### Your task:
What you produce should be an exact transcription of the data, minus any pictures.

### Collected data:
Start of Block
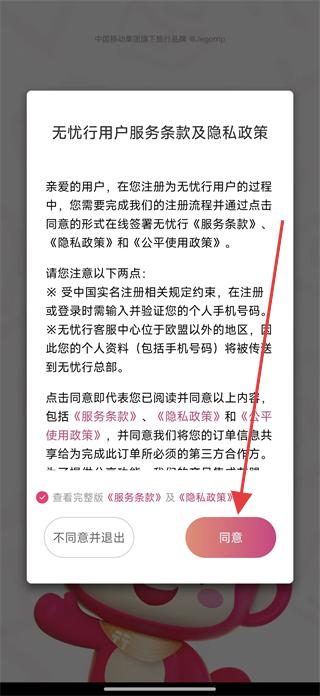 2、在用戶服務條款及隱私政策頁面,點擊同意按鈕,進入綁定手機號頁面。
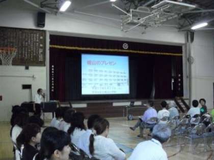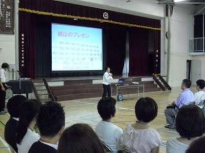 6月25日(土)の午後2時10分から3時まで、体育館で恒例の「城山プレゼン」を行いました。これは、学校公開週間中の土曜日を利用して、本校の教育活動を保護者や地域の皆様に紹介するプレゼンテーションです。
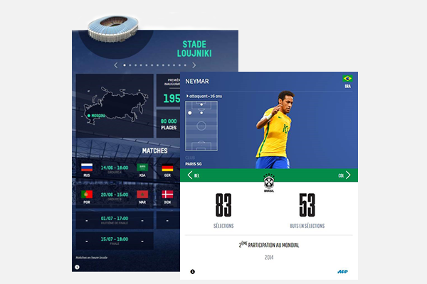 Bénéficiez d'un contenu multimédia automatique intégré et réactualisé 24/7 sur vos supports digitaux. Une analyse graphique et ludique des faits majeurs de la Coupe du Monde. Plongez au coeur de l'événement mondial grâce aux reconstitutions détaillées de la compétition.
End of Block
### Task solution:
 2、在用戶服務條款及隱私政策頁面,點擊同意按鈕,進入綁定手機號頁面。
 6月25日(土)の午後2時10分から3時まで、体育館で恒例の「城山プレゼン」を行いました。これは、学校公開週間中の土曜日を利用して、本校の教育活動を保護者や地域の皆様に紹介するプレゼンテーションです。
 Bénéficiez d'un contenu multimédia automatique intégré et réactualisé 24/7 sur vos supports digitaux. Une analyse graphique et ludique des faits majeurs de la Coupe du Monde. Plongez au coeur de l'événement mondial grâce aux reconstitutions détaillées de la compétition.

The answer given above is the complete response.